For the second quarter ended June 30, 2010, the Company reported total revenues of $255.5 million and income from continuing operations of $18.0 million, or $0.51 per diluted share.  These results included payments to new development partners of $17 million, income from a litigation settlement of $4.1 million, the resolution of tax contingencies of $3.7 million, and non-cash interest expense of $0.5 million.  After these items, adjusted income from continuing operations (non-GAAP measure) was $22.7 million.  On an adjusted cash basis (non-GAAP measure), which excludes amortization expenses, income from continuing operations was $25.1 million, or $0.71 per diluted share for the second quarter 2010.  This is compared to reported revenues of $404.0 million and income from continuing operations of $24.0 million, or $0.71 per diluted share, for the same period in 2009, which included a one-time item.  On an adjusted cash basis, income from continuing operations for the second quarter 2009 was $27.2 million, or $0.80 per diluted share.

For the six months ended June 30, 2010, the Company reported total revenues of $547.4 million and income from continuing operations of $44.5 million, or $1.26 per diluted share.
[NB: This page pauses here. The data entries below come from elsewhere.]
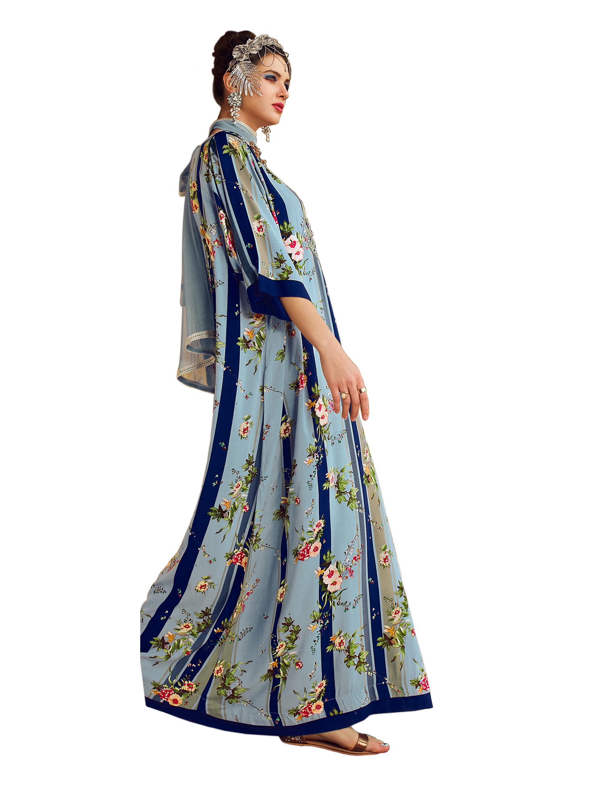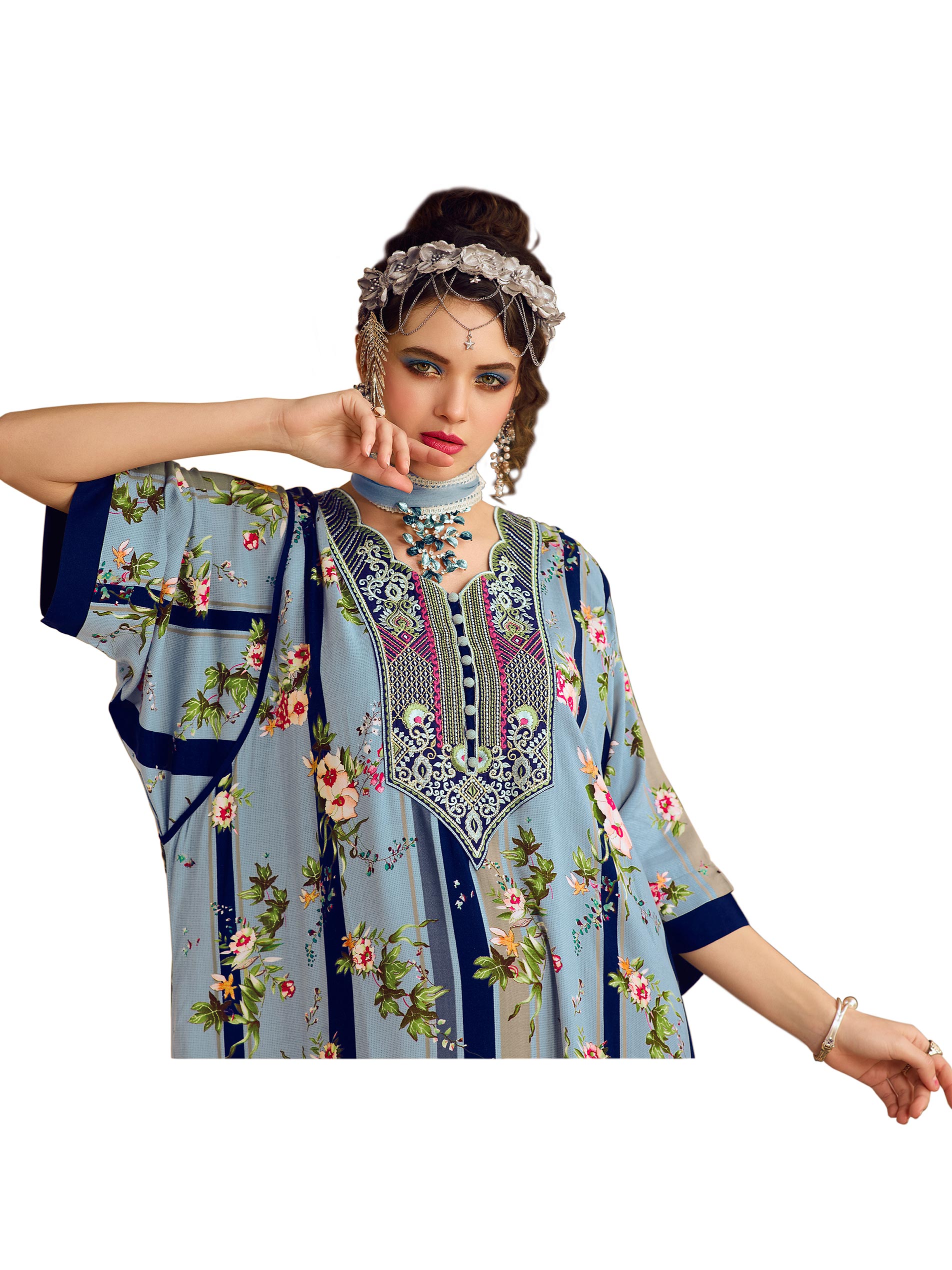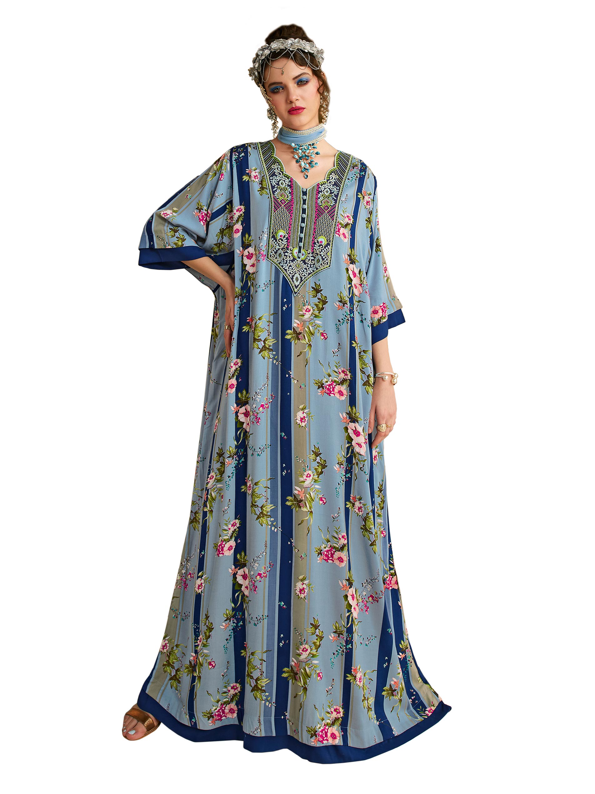 Revel in sky-blue rayon like a free bird in the vast sky. Designed to captivate the mind with a fancy neck and fancy sleeves styling, the floral print jalabiya daraat/ kaftan is made for the party in a fine A-line cut. Shop online and get set. Sara Arabia, across the gulf belt, dons’ unique Arabian jalabiyas in exquisite styles.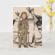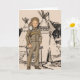 Direkt aus den 50er Jahren. Kleiner Junge in seinem Daniel Boone Outfit mit "Coon-skin" Kappe. Im Hintergrund ist eine braune Illustration der indischen Tepees. Inside sagt "Happy Birthday" in anpassbarem Text.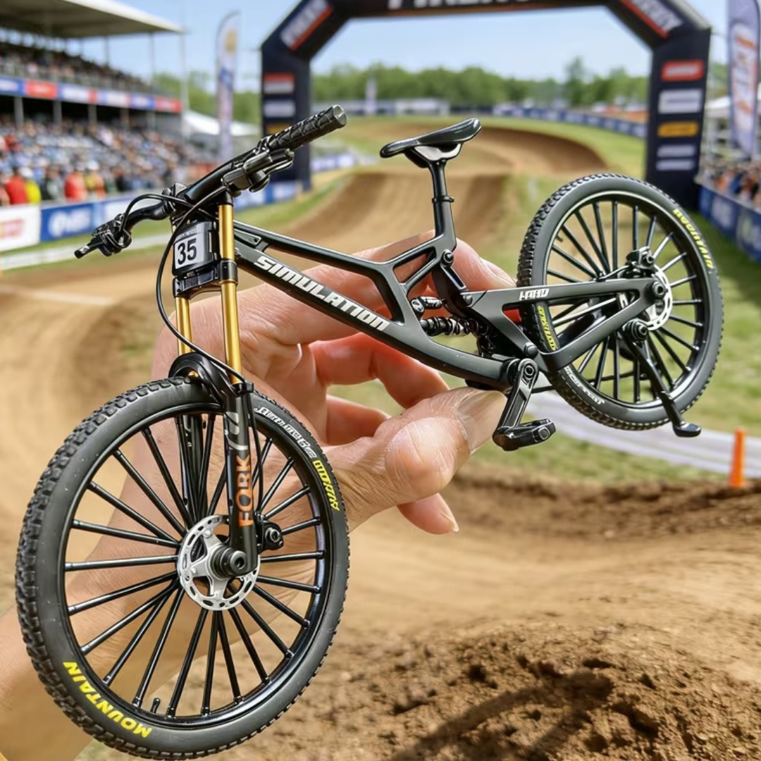 Selon le modèle que vous choisissez, il comprend un vélo de descente, d'enduro, de montagne ou de route miniature, doté de détails réalistes et de pièces mobiles telles que la suspension et la transmission .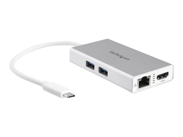 StarTech.com Adaptateur multiport USB-C, station d'accueil de voyage USB-C avec HDMI 4K, pass-through d'alimentation 60 W, GbE, hub USB-A 3.0 2 points, blanc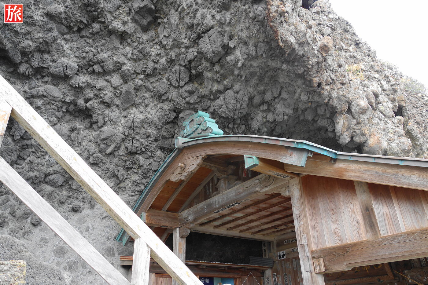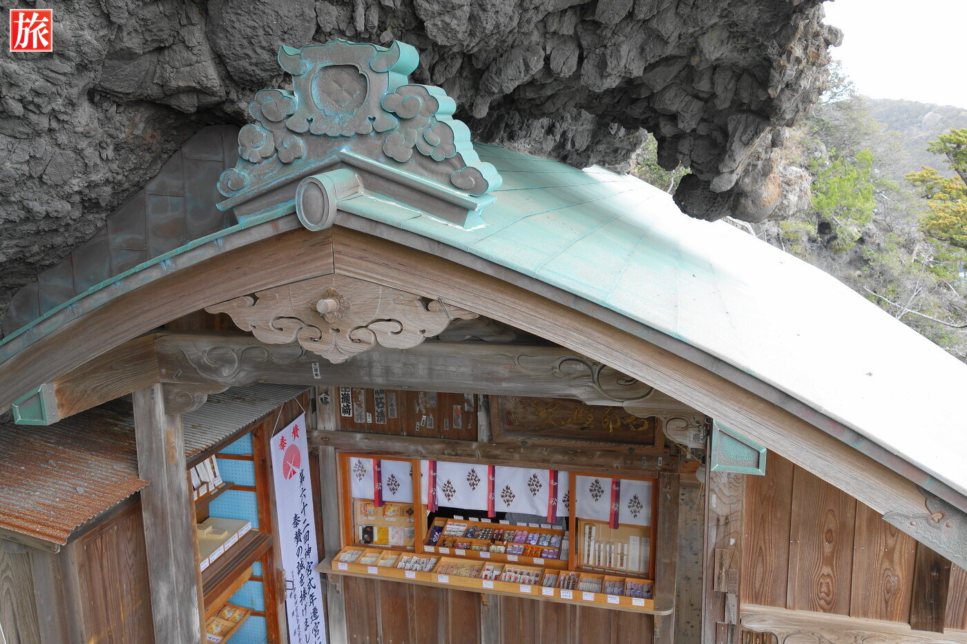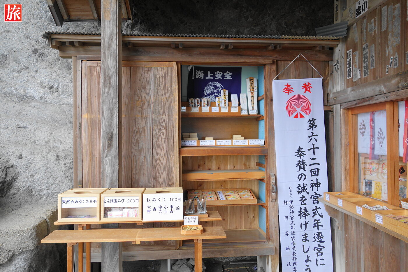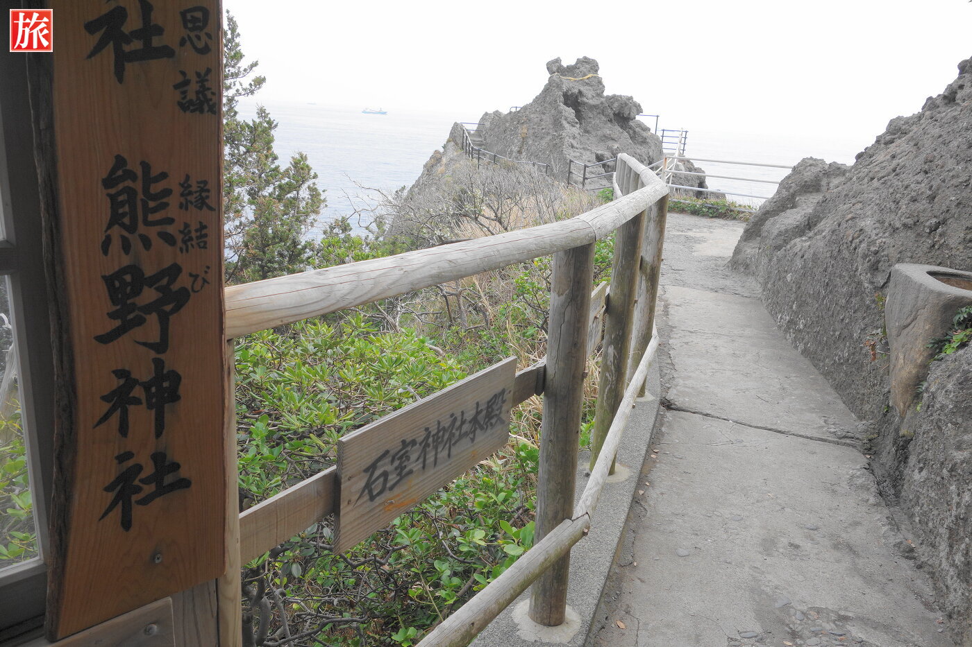 観光ルート 石廊崎レポートTOP > 石廊埼灯台 > 石室神社 > 石廊崎 熊野神社切り立った断崖絶壁の小さなくぼみにある神社です。海上安全や縁結び・商売繁盛・交通安全・厄除けの神様が祀られています。社殿が千石船の帆柱を枕に建てられていることから。伊豆七不思議のひとつで「石廊崎権現の帆柱」の江戸時代から伝わる伝説の舞台でもあります。5世紀ごろ石室山金剛院として建立されたのが始まりだといわれる古い神社。
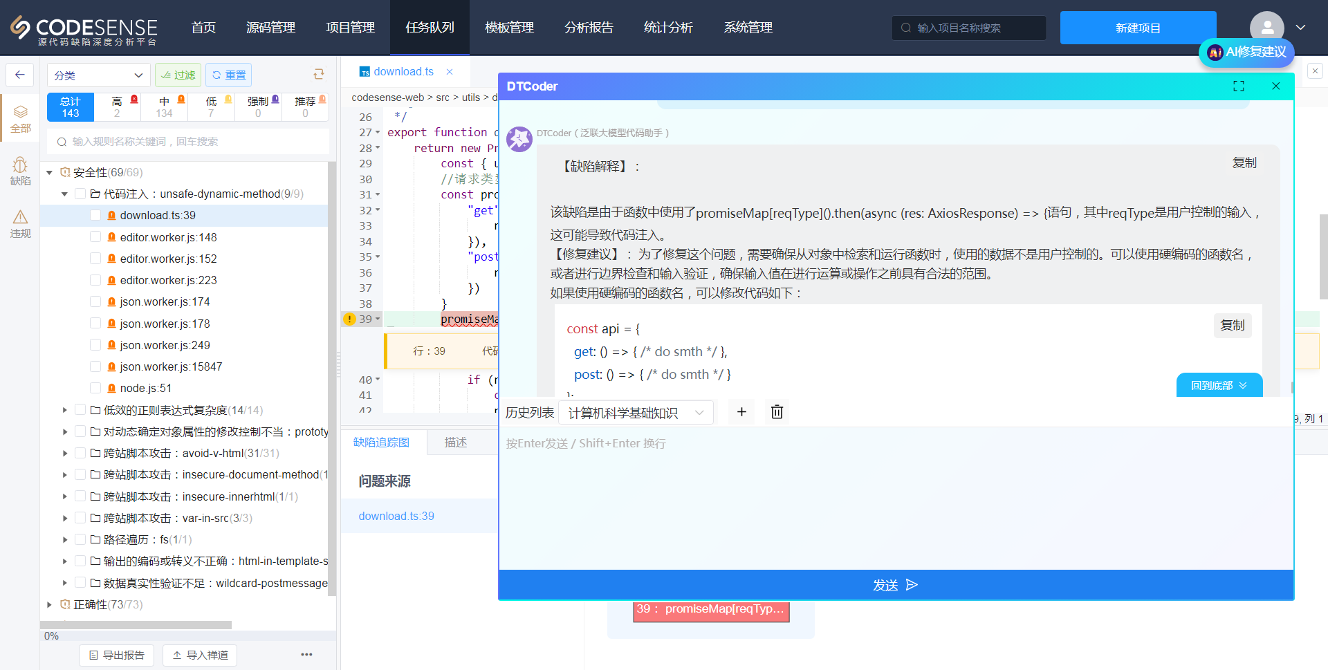 CodeSense已接入研发能效大模型DTCoder,支持自动获取智能缺陷描述和修复建议,修复建议中代码片段可直接用于修复缺陷,大幅降低缺陷理解与修复难度。

On an adjusted cash basis (non-GAAP measure), which excludes amortization expenses and certain items as detailed in the attached reconciliation, income from continuing operations was $51.4 million, or $1.46 per diluted share.  This compares to reported revenues of $608.0 million and income from continuing operations of $40.2 million, or $1.19 per diluted share, for the same period in 2009.  On an adjusted cash basis, income from continuing operations for the first six months of 2009 was $47.0 million, or $1.39 per diluted share.

Second Quarter Highlights

Key Product Sales

  • Metoprolol:  For the second quarter 2010, net sales of metoprolol succinate were $119.6 million, a decrease of 35% from the first quarter 2010.  The decrease was driven by a decline in volume and price due to competition on the 100mg and 200mg strengths.  Par Pharmaceutical, the Company's generic drug division, is the authorized generic for all strengths of AstraZeneca's Toprol® XL.
  • Clonidine:  Net sales for the second quarter 2010 were $26.3 million, compared to $18.5 million for the first quarter.  The increase was due to the availability of additional supply.
  • Sumatriptan: Net sales of sumatriptan succinate were $17.5 million for the second quarter 2010, compared to $17.3 million for the first quarter 2010.  Par Pharmaceutical remained the exclusive supplier of generic Imitrex® 4mg and 6mg starter kits and 4mg prefilled cartridges and had one competitor in the 6mg prefilled cartridges throughout the second quarter 2010.
  • Meclizine: Net sales for the second quarter 2010 were $9.4 million, compared to $10.2 million for the first quarter 2010.  The decrease was driven by a decline in volume and price due to competition in the second quarter.
  • Tramadol ER:  Net sales for the second quarter 2010 were $5.7 million, compared to $5.3 million for the first quarter.  Par Pharmaceutical launched tramadol ER in November 2009.
  • Other generic products:  For the second quarter 2010, net sales from all other generic products were $53.5 million, compared to $37.6 million for the first quarter. The increase was due primarily to the impact of quarter over quarter in-transit revenue recognition, as well as the release of backlogs on certain products. (The first quarter other generic products revenue was negatively impacted due primarily to the deferral of revenue related to shipments at quarter-end without the recognition of revenues related to shipments from the fourth quarter due to the Company's annual year-end shut down.)
  • Megace® ES:  Net sales were $15.5 million for the second quarter 2010, compared to $13.8 million for the first quarter.  The increase was due to the return to normal buying patterns of the wholesalers.
  • Nascobal® B12 Nasal Spray:  Net sales were $4.4 million for the second quarter 2010, compared to $3.6 million for the first quarter.  The increase was due primarily to an increase in prescription volume.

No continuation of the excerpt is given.